While this is somewhat congruent with my recollections -- rustboot produced code faster, but its code ran slower -- the effect size is actually much less than I remember. I'd convinced myself retroactively that rustboot was produced abysmally worse code than rustc-with-LLVM. But out-of-the-gate LLVM only boosted performance by 2x (and cost of 3x the code size)! Of course I also have a faster machine now.
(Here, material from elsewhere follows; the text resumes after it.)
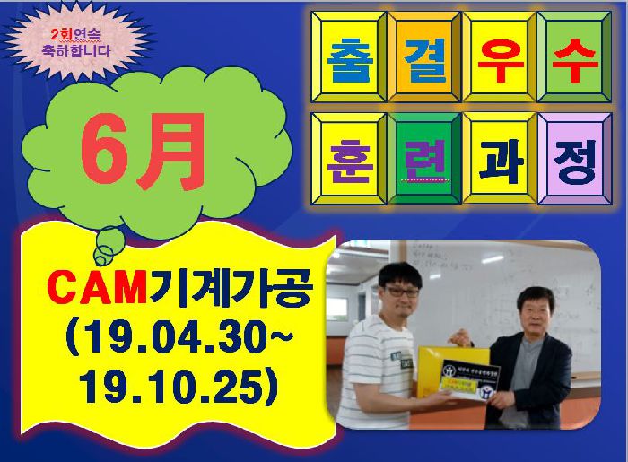 2019년 7월 4일...6월의 출결우수훈련과정으로 CAM기계가공양성(19.04.30~19.10.25)과정이 연속으로 선정되었습니다. 진심으로 축하드립니다. 무더운 여름...잘 이겨내시고...언제나 홧팅하시길..바래용~~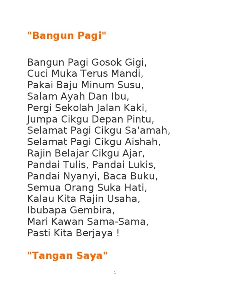Single lainnya dari di antaranya lagu ikan, ku sapa hello, main bareng, di sini senang, dan pok ame ame. Bangun pagi bangun pagi gosok gigi, cuci muka terus mandi, pakai baju minum susu, salam ayah dan ibu, Azzahra kids preschool programme ages 4 6 2012. | smule social singing karaoke app. Lirik lagu kanak kanak berbahasa taska permata ungu facebook.

At the time bootstrap cycles took about a half hour each (according to this: 15 minutes for the 2nd stage).
Of course you can still see this as a condemnation of the entire "super slow dynamic polymorphism" model of rust-at-the-time, either way. It may seem funny that this version of rustc bootstraps faster than today's rustc, but this "can barely bootstrap" version was a mere 25kloc. Today's rustc is 600kloc. It's really comparing apples to oranges.